Go through the listing and set it down exactly, leaving out its pictures.

RECORDED DATA:
--- START ---
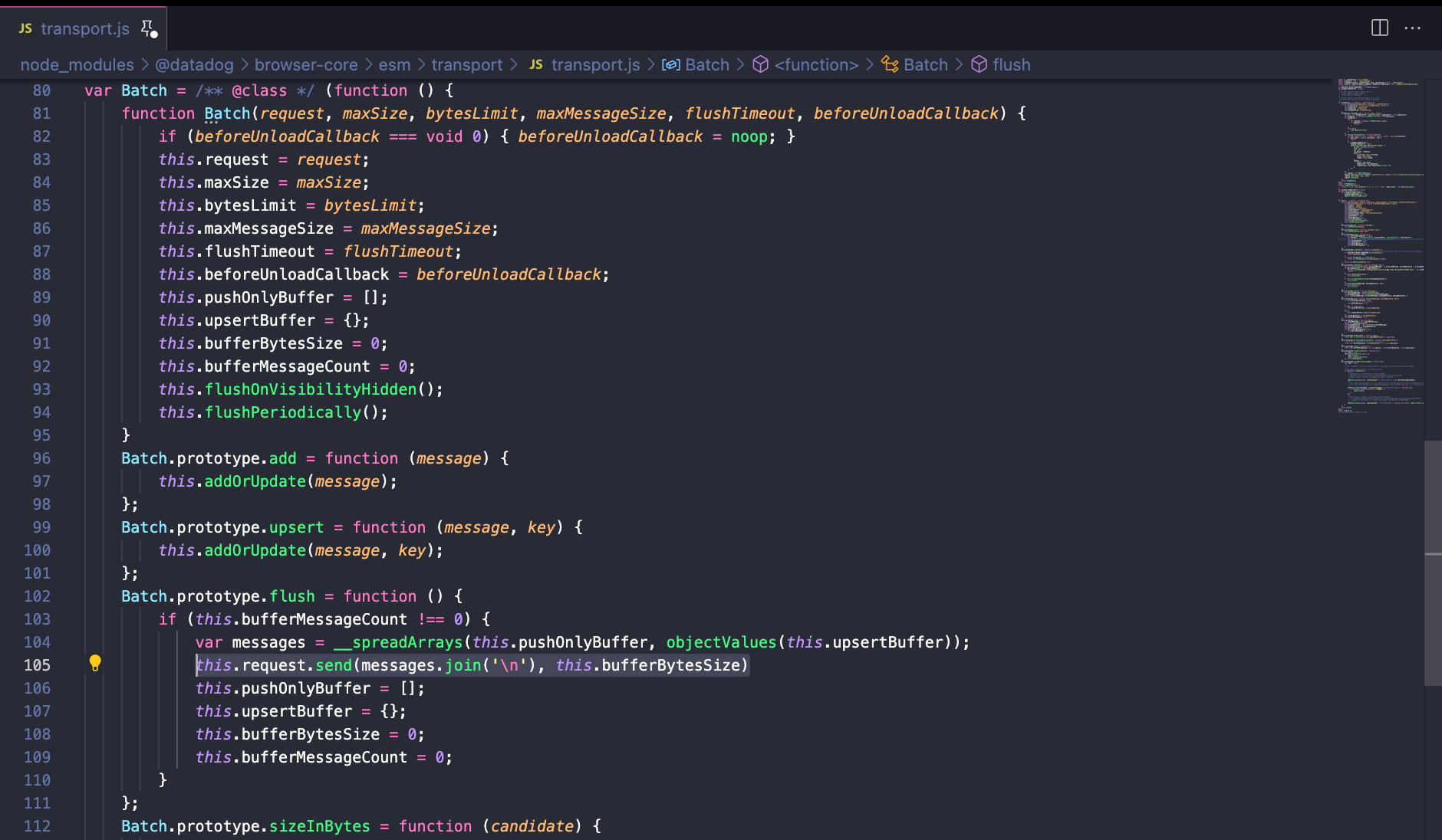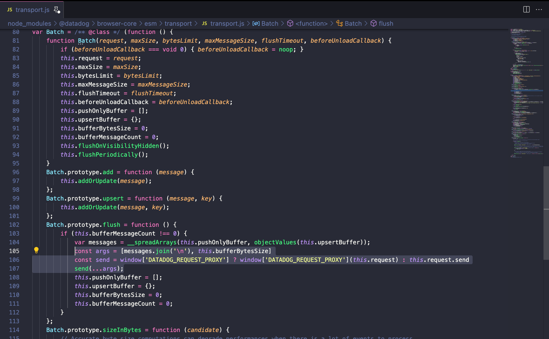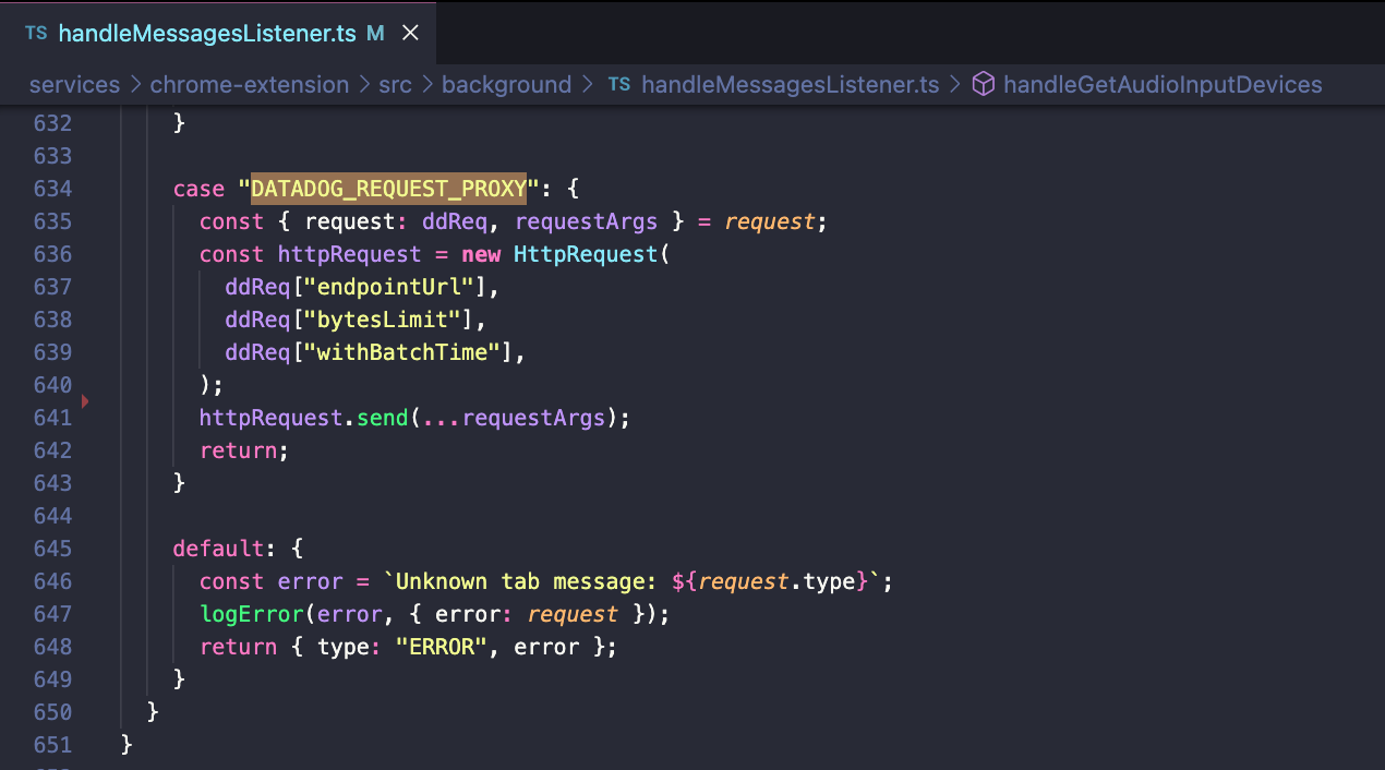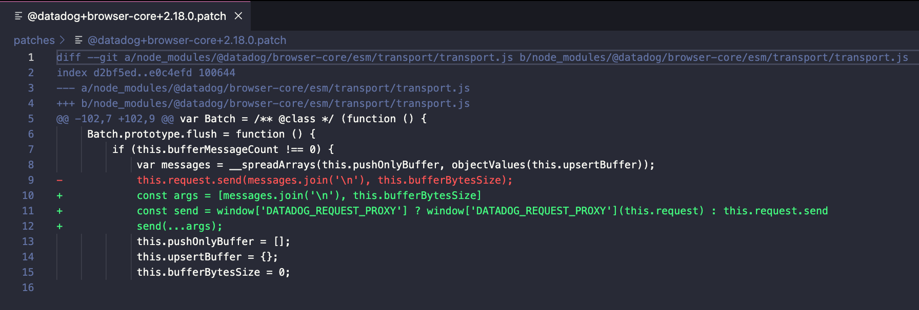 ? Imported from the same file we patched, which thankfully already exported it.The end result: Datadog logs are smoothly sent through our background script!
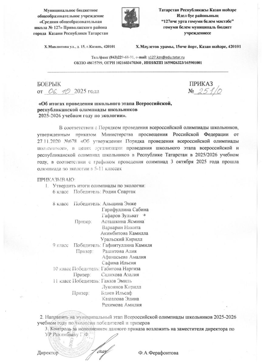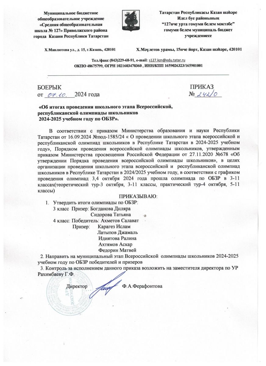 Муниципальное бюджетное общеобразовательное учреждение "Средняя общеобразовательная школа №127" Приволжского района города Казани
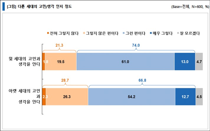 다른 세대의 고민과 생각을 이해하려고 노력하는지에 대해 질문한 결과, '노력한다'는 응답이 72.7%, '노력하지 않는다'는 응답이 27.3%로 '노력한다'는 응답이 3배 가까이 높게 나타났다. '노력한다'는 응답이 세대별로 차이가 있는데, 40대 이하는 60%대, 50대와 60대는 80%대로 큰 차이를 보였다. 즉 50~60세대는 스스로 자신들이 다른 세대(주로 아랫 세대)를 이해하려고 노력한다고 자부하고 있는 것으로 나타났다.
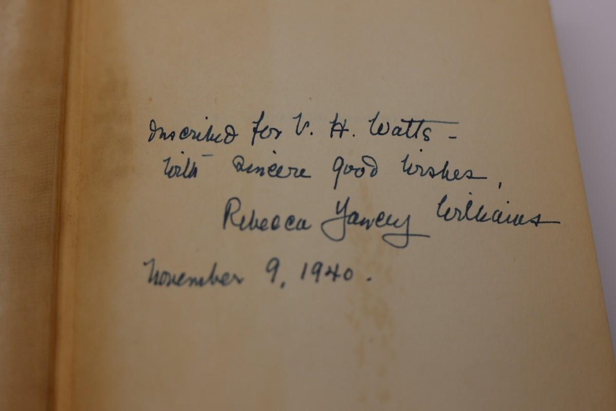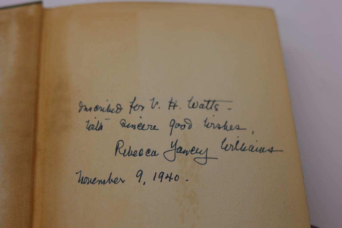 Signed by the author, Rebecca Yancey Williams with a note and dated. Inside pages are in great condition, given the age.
--- END ---
RESULT FOR THIS EXERCISE:
 ? Imported from the same file we patched, which thankfully already exported it.The end result: Datadog logs are smoothly sent through our background script!
 Муниципальное бюджетное общеобразовательное учреждение "Средняя общеобразовательная школа №127" Приволжского района города Казани
 다른 세대의 고민과 생각을 이해하려고 노력하는지에 대해 질문한 결과, '노력한다'는 응답이 72.7%, '노력하지 않는다'는 응답이 27.3%로 '노력한다'는 응답이 3배 가까이 높게 나타났다. '노력한다'는 응답이 세대별로 차이가 있는데, 40대 이하는 60%대, 50대와 60대는 80%대로 큰 차이를 보였다. 즉 50~60세대는 스스로 자신들이 다른 세대(주로 아랫 세대)를 이해하려고 노력한다고 자부하고 있는 것으로 나타났다.
 Signed by the author, Rebecca Yancey Williams with a note and dated. Inside pages are in great condition, given the age.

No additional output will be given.